A Sigfrid le dio un escalofrío. Sabía lo que esa frase insinuaba y lamentaba haber sacado a colación el tema. Abrió la boca para disculparse, cuando notó que el otro suspiraba.

—Tuve una madre —indicó, a modo de aclaración—, solo que no me permito recordarla.

—Lo lamento —musitó Sigfrid, sintiéndose estúpido por no poder pensar en algo mejor.

—Descuida. No es como si tú le hubieras dicho que…

Quinn se calló, adoptando una expresión de desconcierto bastante curiosa. En cualquier otra circunstancia, Sigfrid quizá se habría reído, pero aquello era muy serio para él.

—¿Sabes qué es lo que más irrita a Garrett de mí? —soltó de pronto Quinn, para acto seguido continuar hablando, sin fijarse en que Sigfrid ponía expresión de desconcierto—. El no poder matarme. Es lo que le da más rabia. Quisiera desquitarse, hacerme pedazos hasta quedar irreconocible y dejarme en el rincón más olvidado de Londres a que me pudriera. Pero como es un alfa responsable —soltó con sarcasmo lo último—, se contenta con hacerme la vida imposible cada que puede, con cosas que a él no le afectan, pero a mí sí. Quiere que acabe suplicándole una clemencia que no debería mendigar. Ambos lo sabemos, pero él no va a ceder y yo tampoco.

—Quinn, eso… ¿Puedo saber por qué? ¿Por qué la situación entre ustedes es así?

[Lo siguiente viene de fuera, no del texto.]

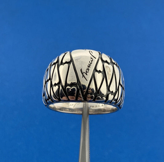 925 Sterling Silver Franco Pianegonda Diamond Cut Textured Link Wide Ring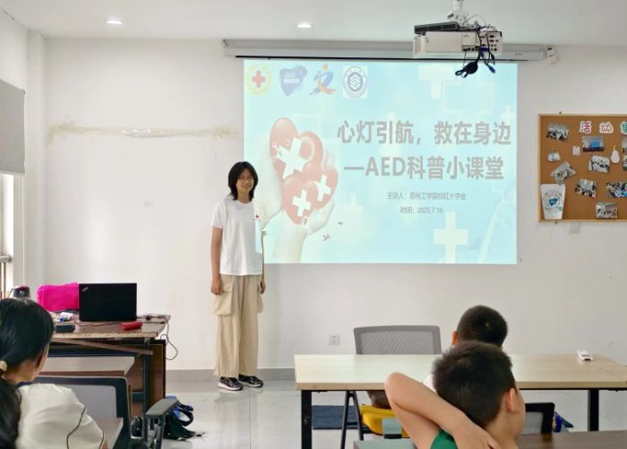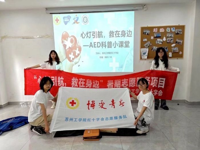 为持续推动“人人学急救、急救为人人”理念在基层社区落地生根,7月16日下午,苏州工学院“博爱青春”暑期志愿服务项目小组走进常熟市天禧社区,开展了一场以“AED使用知识”为主题的社区融合型宣讲活动。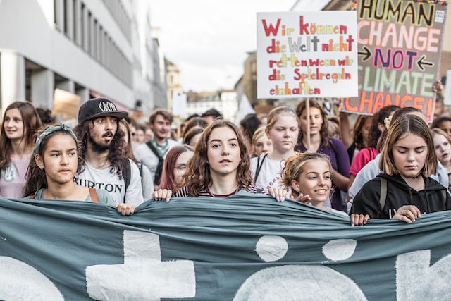 A youth climate march contrasts the attitude of the next generation to the statement by Exxon. Photo by Tom Seger on Unsplash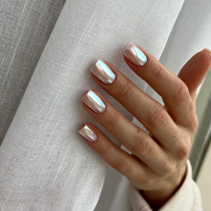 These short nails shine with a pearlescent finish, radiating subtle sophistication. The light pink undertones make them a versatile choice for any occasion, from a casual day out to a formal event. Pair with minimalistic jewelry for a clean, modern look.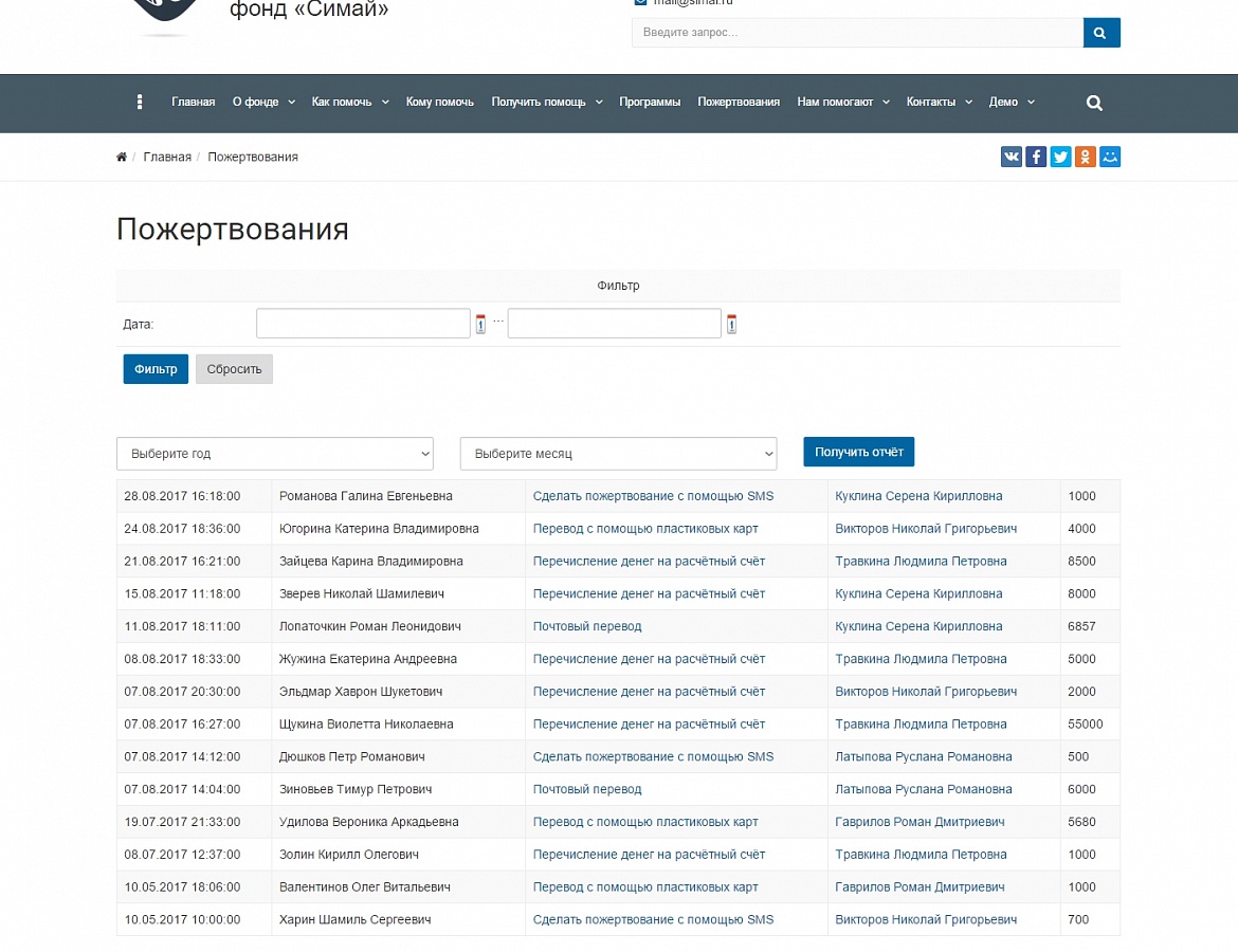- Формируйте отчёты о пожертвованиях за любой период прямо на сайте – организуйте учёт средств по благотворительным программам и получателям.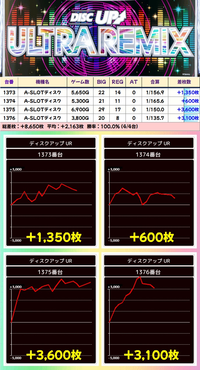 【4台並び】ディスクUR(1373-1376番台)→平均+2,163枚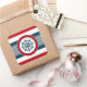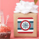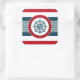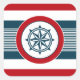 Nautical design with compass decoration in round shape on blue, red and white striped background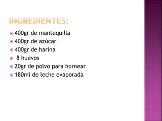 La receta del maestro incluye ingredientes como mantequilla, azúcar, harina, huevos, polvo para hornear y leche evaporada. Se bate las claras a punto de turrón y se le agrega la mantequilla con el azúcar previamente cremada. Luego se agregan las yemas una por una e integrar los polvos cernidos y la leche evaporada. Finalmente, se vierte la mezcla en un molde enmantequillado y enharinado y se hornea a 180°C por 40 minutos.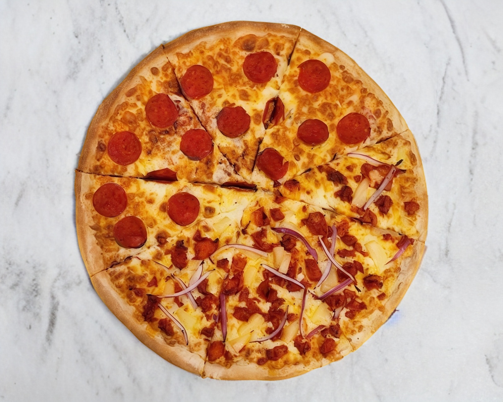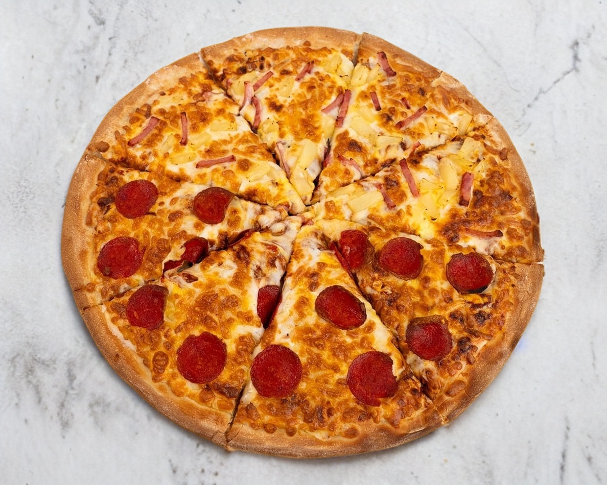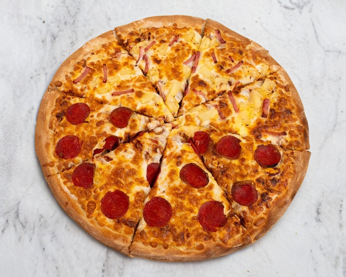 Pizza mitad pepperoni y mitad de jamón y piña tamaño big familiar de 40 cm.

El otro arrugó la frente por un momento, pero enseguida hizo una mueca. Seguramente, el gesto le había ocasionado dolor en el ojo herido. Sigfrid metió una mano al bolsillo, para reprenderse mentalmente al segundo siguiente: Quinn no era un cazador de sombras, así que no podía ayudarle con una iratze, como haría con su hermana o con su mejor amiga.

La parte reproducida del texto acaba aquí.